There are about two million ethnic Tatars and a million and a half ethnic Russians, along with significant numbers of Chuvash, Mari, and Udmurts, many of whom are Tatar-speaking. The Ukrainian, Mordvin, and Bashkir minorities are also significant. Most Tatars are Sunni Muslims, but a small minority known as Keräşen Tatars are Orthodox and some of them regard themselves as being different from other Tatars even though most Keräşen dialects differ only slightly from the Central Dialect of the Tatar language.[18] There is a fair degree of speculation as to the early origins of the different groups of Tatars, but most Tatars no longer view religious identity as being as important as it once was, and the religious and linguistic subgroups have intermingled considerably. Nevertheless, despite many decades of assimilation and intermingling, some Keräşen demanded, and were awarded, the option of being specifically enumerated in 2002. This has provoked great controversy however, as many intellectuals have sought to portray the Tatars as homogeneous and indivisible.[19] Although listed separately below, the Keräşen are still included in the grand total for the Tatars. Another unique ethnic group, living in Tatarstan only are the Qaratay Mordvins.

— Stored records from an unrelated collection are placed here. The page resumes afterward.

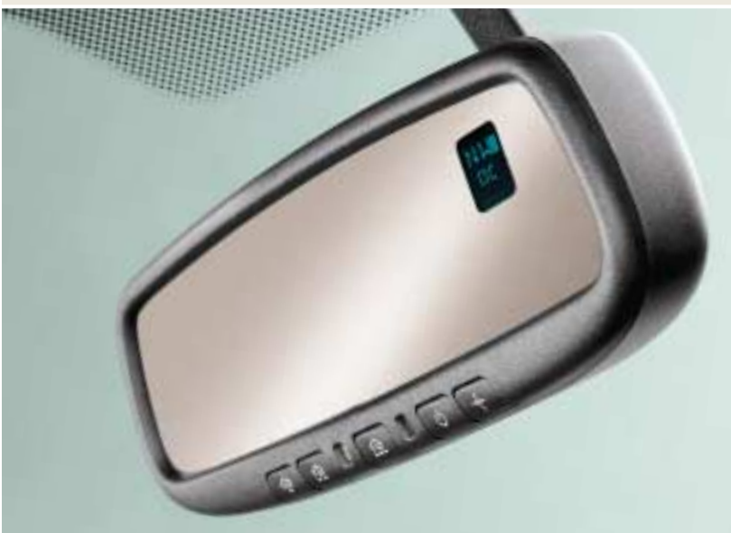
Electrochromic Mirrors and Electrochromic HomeLink® Mirrors. These top-selling mirrors eliminate headlight glare, plus much more! See page 6 for more details on their state-of-the-art features.
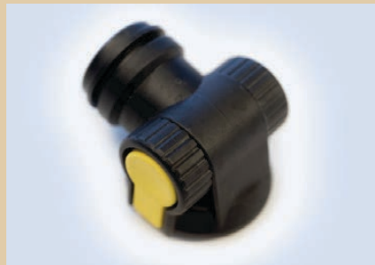
Striker Head item no.....096305
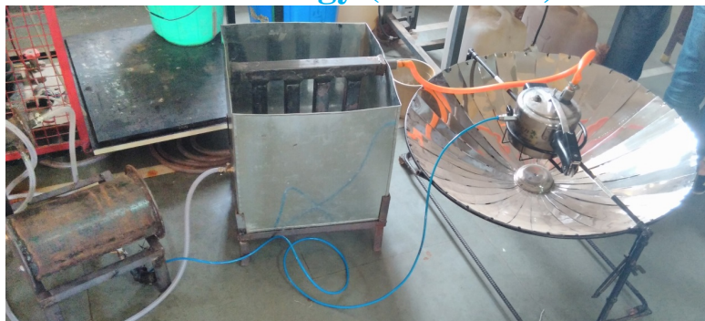
Fig. 1 Fabrication of Solar Absorption Refrigeration System
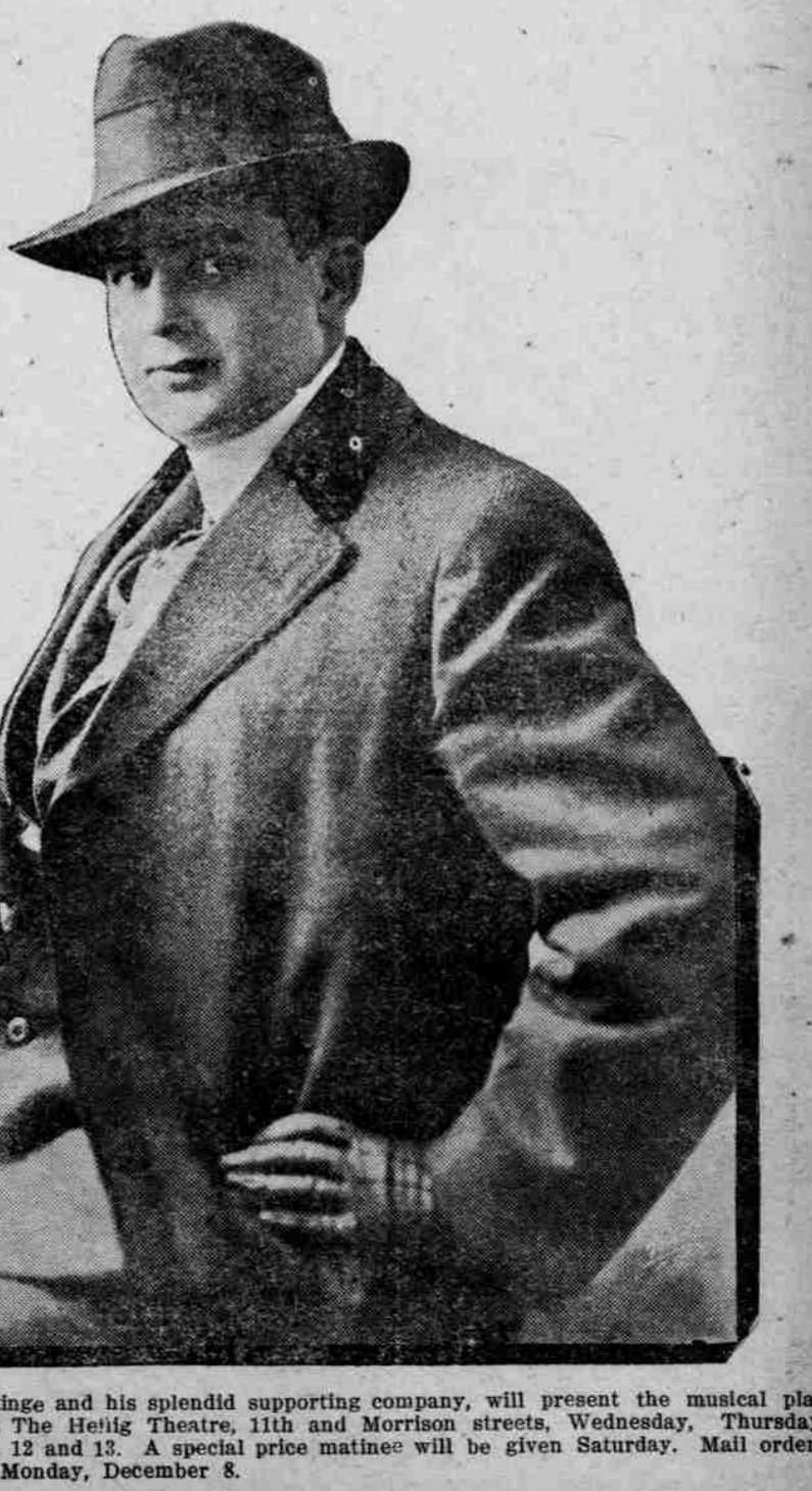
The always popular, Julian Eltinge and his splendid supporting company, will present the musical play success, "The Fascinating Widow," at the Heilig Theatre, 11th and Morrison streets, Wednesday, Thursday, Friday and Saturday, December 10, 11, 12 and 13. A special price matinee will be given Saturday. Mail orders received now. Boxoffice sale opens Monday, December 8.

Livestock, Meats BEEF—(Live weight)—steers 7c; cows 6c; bulls 4 to 6c. MUTTON—Sheep 3 to 4c; lambs, 5 to 5 1/2c. POULTRY—(buying)—Hens 12c; old roosters 9c; broilers 11c.
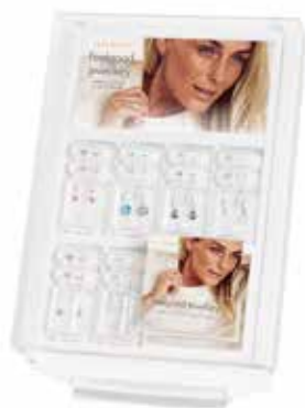
MICRO FLAT DISPLAY, WHITE 15-001-1780 XXX B23 X H35 X D18 CM PRODUCT DISPLAY FOR SKIN FRIENDLY JEWELLERY. TO PLACE ON COUNTER OR HANG ON A WALL. ANTI THEFT MECHANISM WITH DOOR INCLUDED. EXCL. JEWELLERY.
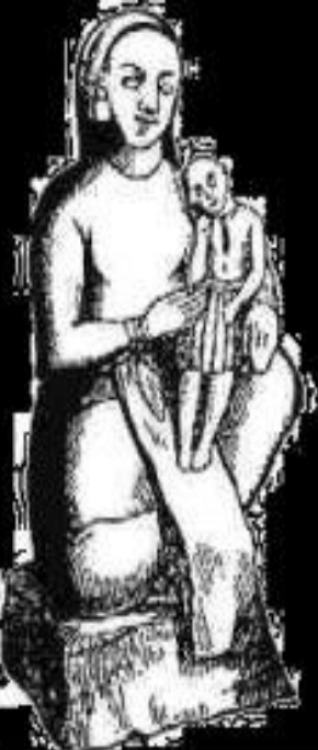
Babylon - Semiramis and Nimrod/Tammuz

A halo or sun-disk about the head - denotes sun-god worship.
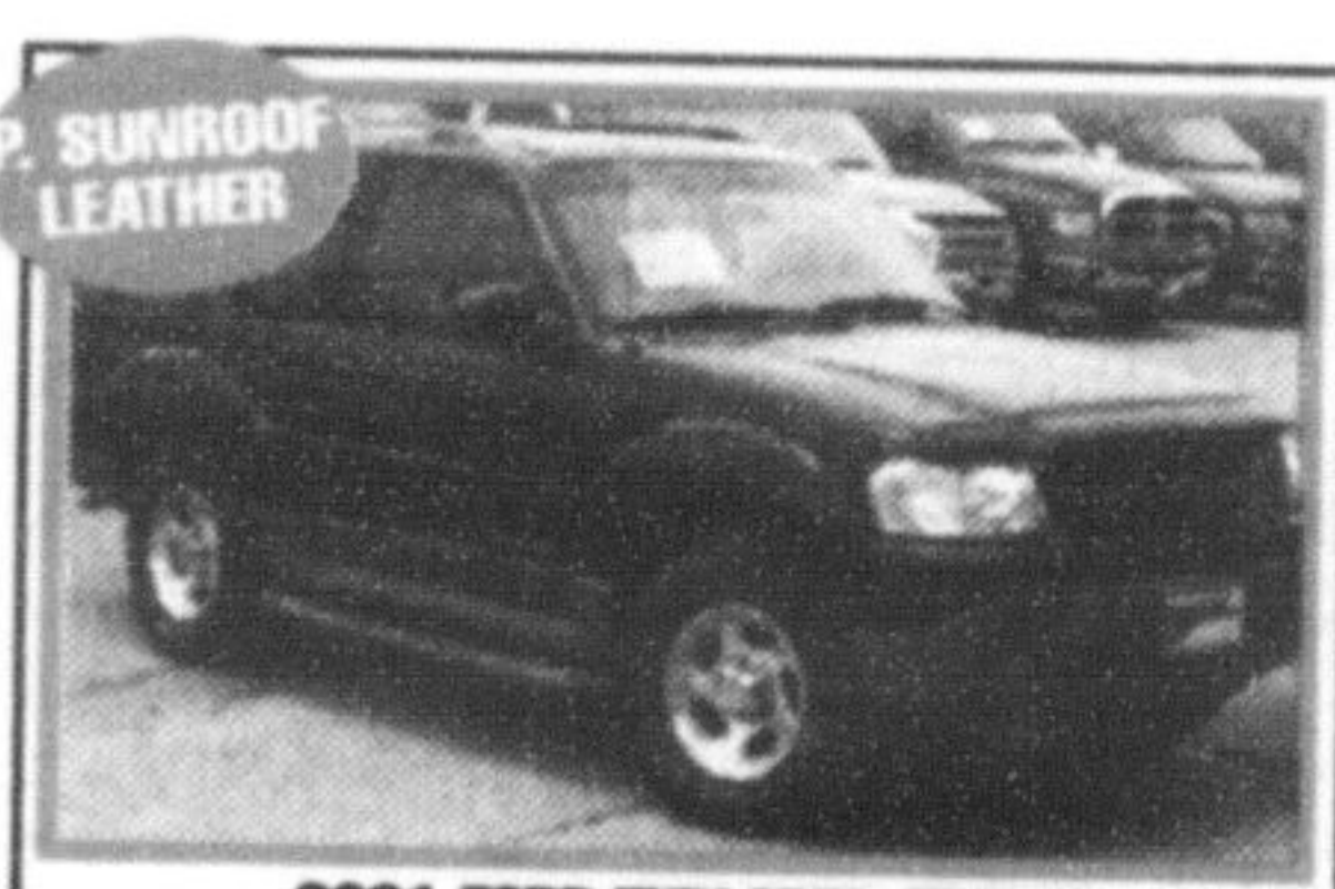
2001 FORD EXPLORER SPORT 2 dr, auto, V6, dark blue, grey leather, 4x4, in-dash 6 pk CD changer, p/seat, new tires, keyless entry, loaded, 80,900kms. ONLY $15,998
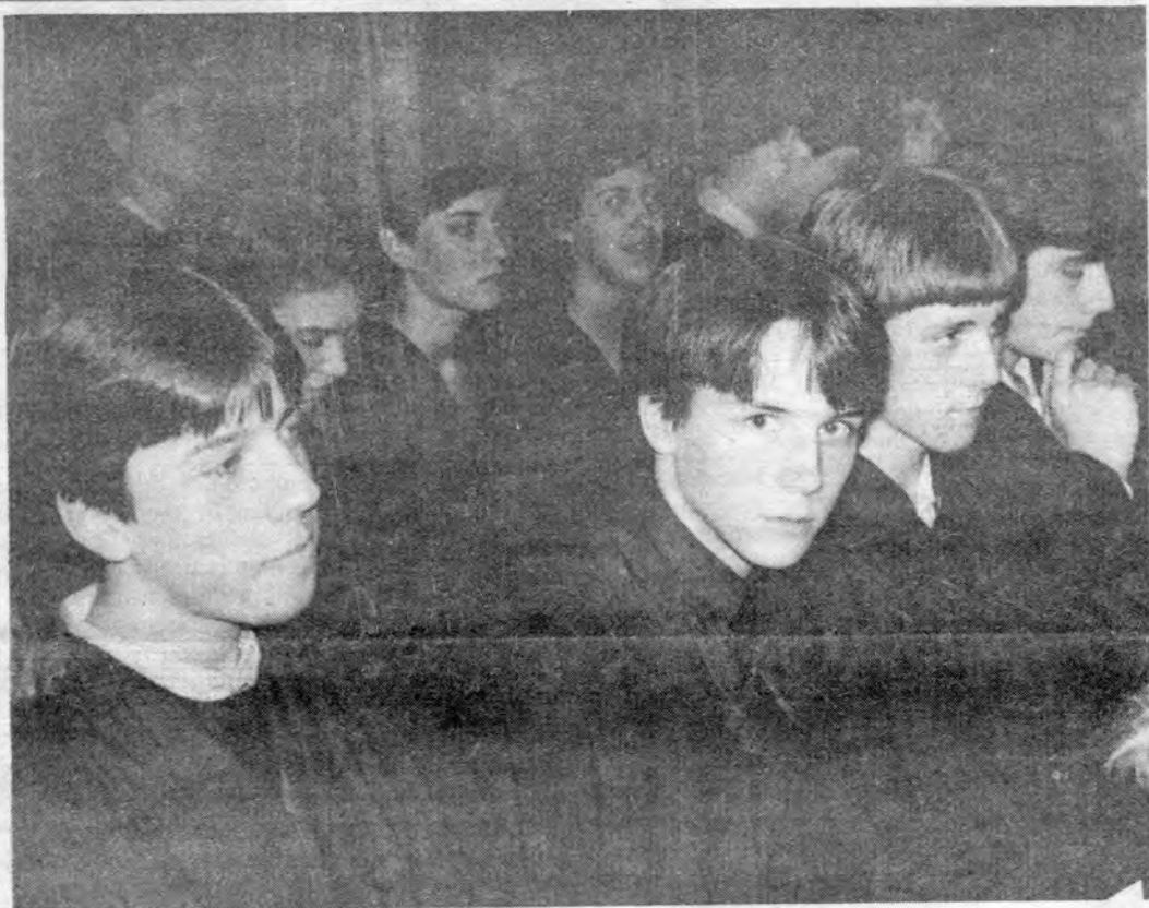
New National Honor Society inductees prepare to take the NHS pledge.
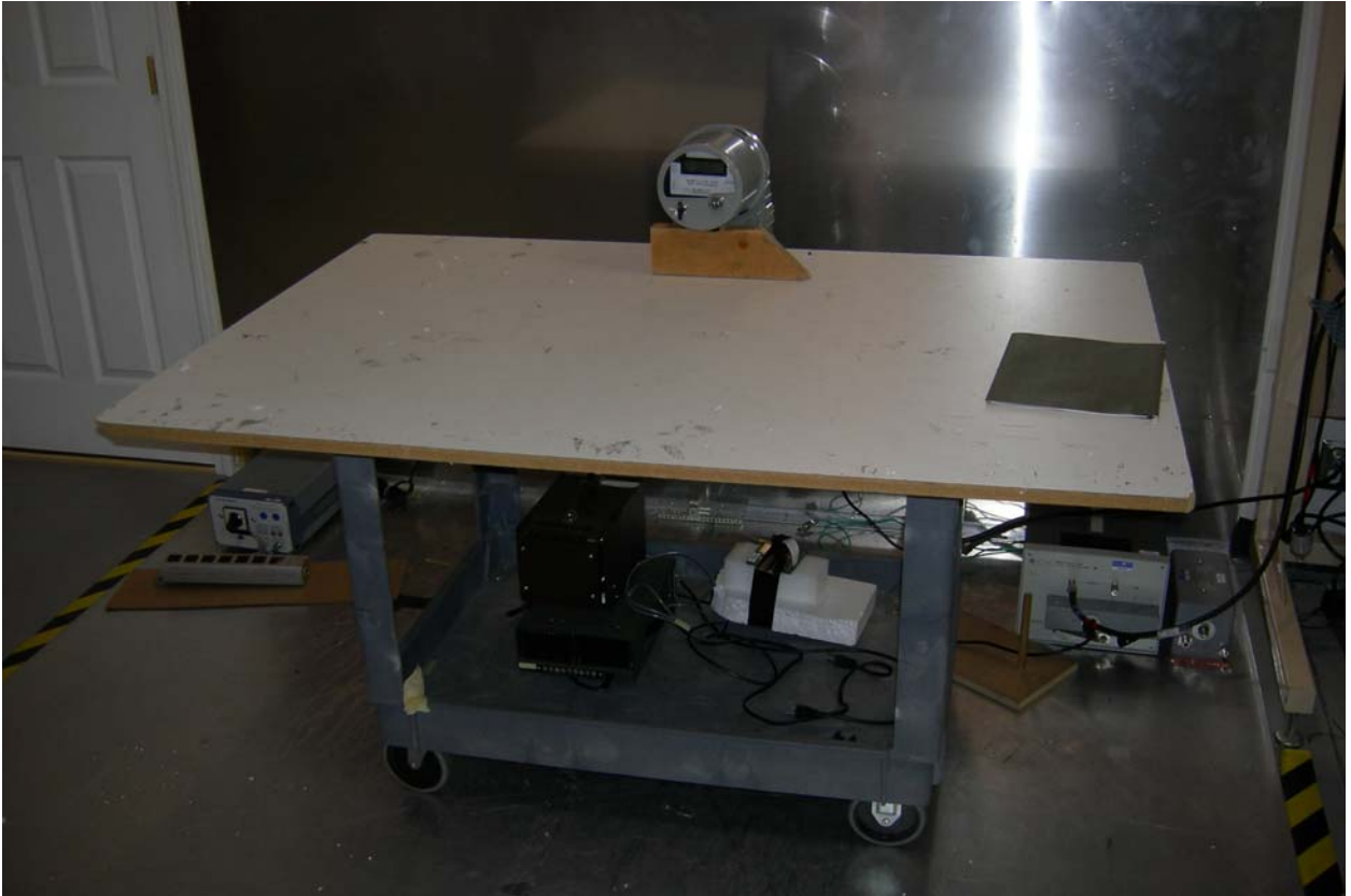
Figure 5: Test Setup – AC Power Line Conducted Emissions
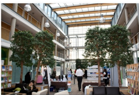
The West Atrium, National College, Nottingham
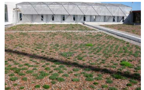
The roof area a few months after the plug plants have been planted.
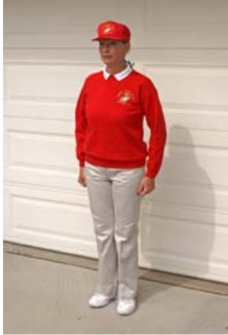
Sweatshirt Figure 12
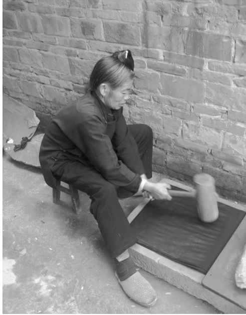
FIGURE 1.4. An elderly woman beating a stack of cloth to even out the indigo dye.
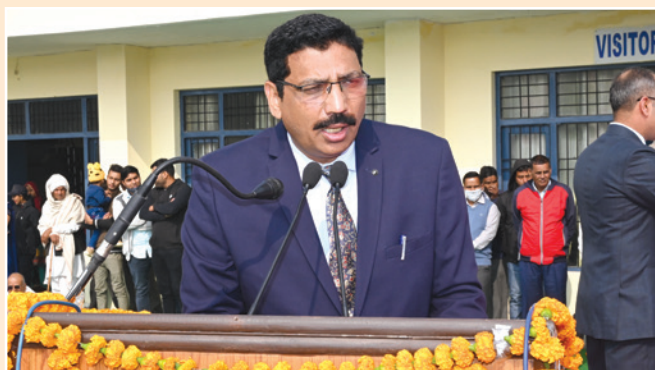
P&D presenting the school annual report

The official languages are Tatar and Russian. According to the 2002 Russian Federal Law (On Languages of Peoples of the Russian Federation), the official script is Cyrillic.

Geography

Map of the Republic of Tatarstan

The republic is located in the center of the East European Plain, approximately 800 kilometers (500 mi) east of Moscow. It lies between the Volga River and the Kama River (a tributary of the Volga), and extends east to the Ural mountains.

Rivers

Major rivers include (Tatar names are given in parentheses):

Lakes

Major reservoirs of the republic include (Tatar names are given in parentheses):

The biggest lake is Qaban. The biggest swamp is Kulyagash.

Hills

Natural resources

View of the Volga River in the confluence with the Kama River
View on the Taima River from Devil's Tower in Yelabuga

Major natural resources of Tatarstan include oil, natural gas, gypsum, and more. It is estimated that the Republic has over one billion tons of oil deposits.[20]

Climate

  • Average January temperature: −16 °C (3 °F)
  • Average July temperature: +19 °C (66 °F)
  • Average annual precipitation: up to 500 mm (20 in)

Administrative divisions

State languages

In accordance with the Constitution of the Republic of Tatarstan the two state languages of the republic are Tatar and Russian.

Politics

The head of the government in Tatarstan is the President. As of 2011, the President is Rustam Minnikhanov. Tatarstan's unicameral State Council has 100 seats: fifty are for representatives of the parties, other fifty are for deputies from the republic's localities. The Chairman of the State Council is Farit Mukhametshin from May 27, 1998.

According to the Constitution of the Republic of Tatarstan, the President can be elected only by the people of Tatarstan, but due to Russian federal law this law was suspended for an indefinite term. The Russian law about election of governors says they should be elected by local parliaments and that the candidate can be presented only by the president.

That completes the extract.